Александра присмотрелась к лектору: невысокий, с дряблым животом тестообразный мужчина в очках без оправы, редеющие волосы торчат сухими пучками — взъерошенный профессор на полуканикулах, без галстука, без пиджака, рукава белой рубашки закатаны на летней жаре, однако в громком, настойчиво-поучительном голосе и черных нависающих бровях чувствуется некоторая страсть и даже дерзость. Она любила разглядывать мужчин, задаваясь вопросом: был ли бы он достаточно привлекательным для нее, когда она пребывала в цветущем возрасте, чтобы лечь с ним в постель? Сексуальные утехи давно померкли для нее; даже когда Джим был еще жив, они перестали быть для нее насущной необходимостью; тем не менее рефлексы, система координат сохранились.

Ворота, дворцы, залы — Высшей гармонии, Сохранения гармонии, Воспитания души, Полной гармонии, Павильон настенных и наручных часов — ошеломляюще сменяли друг друга. Двойные карнизы-венцы из сияющей на солнце черепицы императорского желтого цвета по краям загибались кверху.
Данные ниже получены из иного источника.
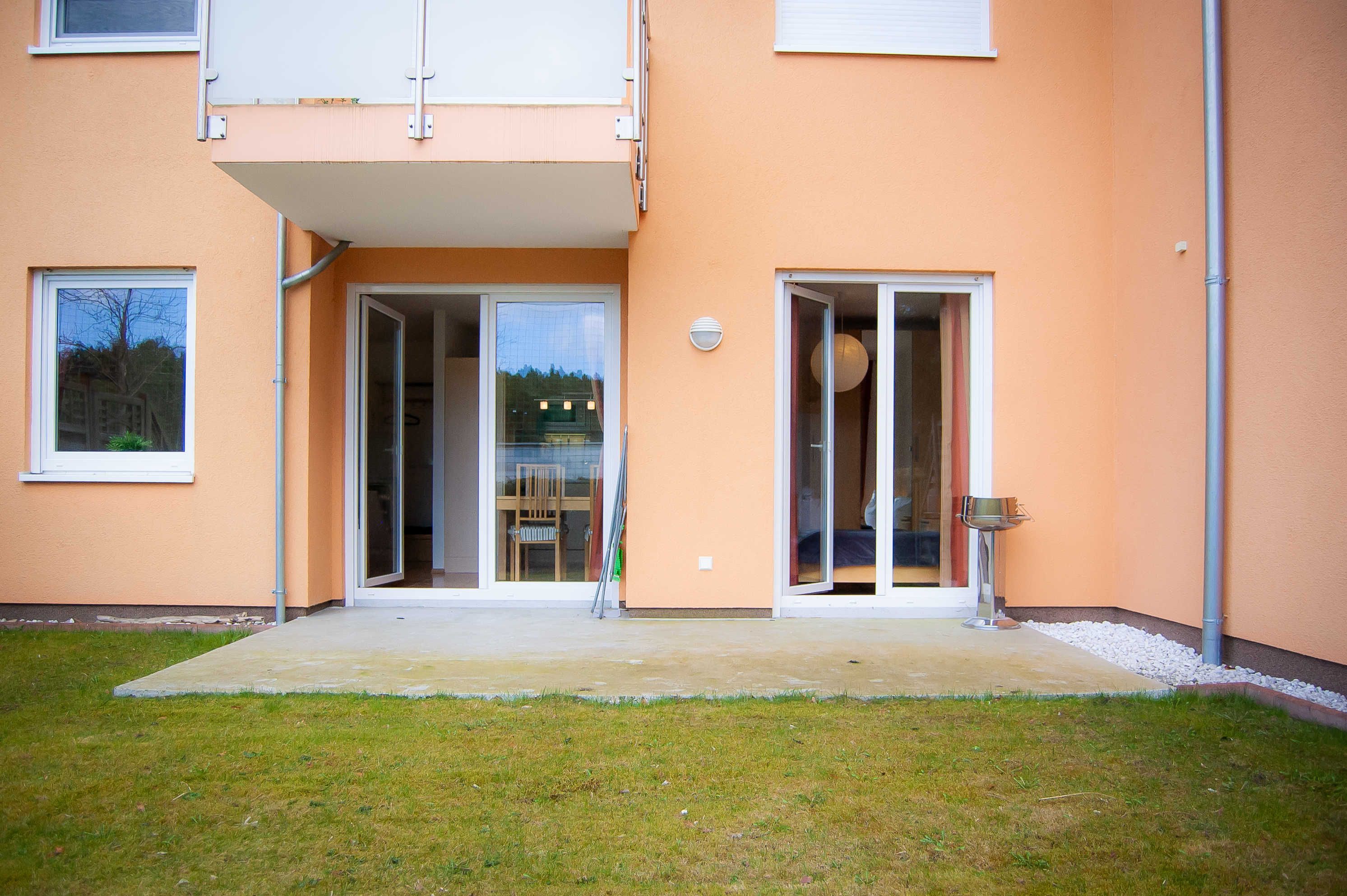 Die möblierte Terrasse lädt zum Verweilen ein.

Во Врата небесной чистоты не имели права входить даже самые доверенные императорские министры, на заре они собирались перед этими воротами для доклада. Слышал ли он эти их доклады? Реагировал ли на них? И кто слушал его указы, провозглашавшиеся с грандиозным пафосом перед Вратами небесного спокойствия? Ящики в ящиках, гармония в параличе. Жизнь, должно быть, копилась в маленьких кармашках, в тайных, наполненных неразборчивым лепетом потоках-ответвлениях. Крохотные деревянные комнатушки, разве что не клетки, в которых проводили свою жизнь наложницы, вызвали у нее улыбку узнавания: пленницы, изнывающие от скуки, заполняющие бесконечные минуты ревнивыми ссорами и отчаянными заклинаниями, женщины, чьи маленькие сердца трепетали в пугающей надежде на то, что и их озарит наконец изменчивая благосклонность императора.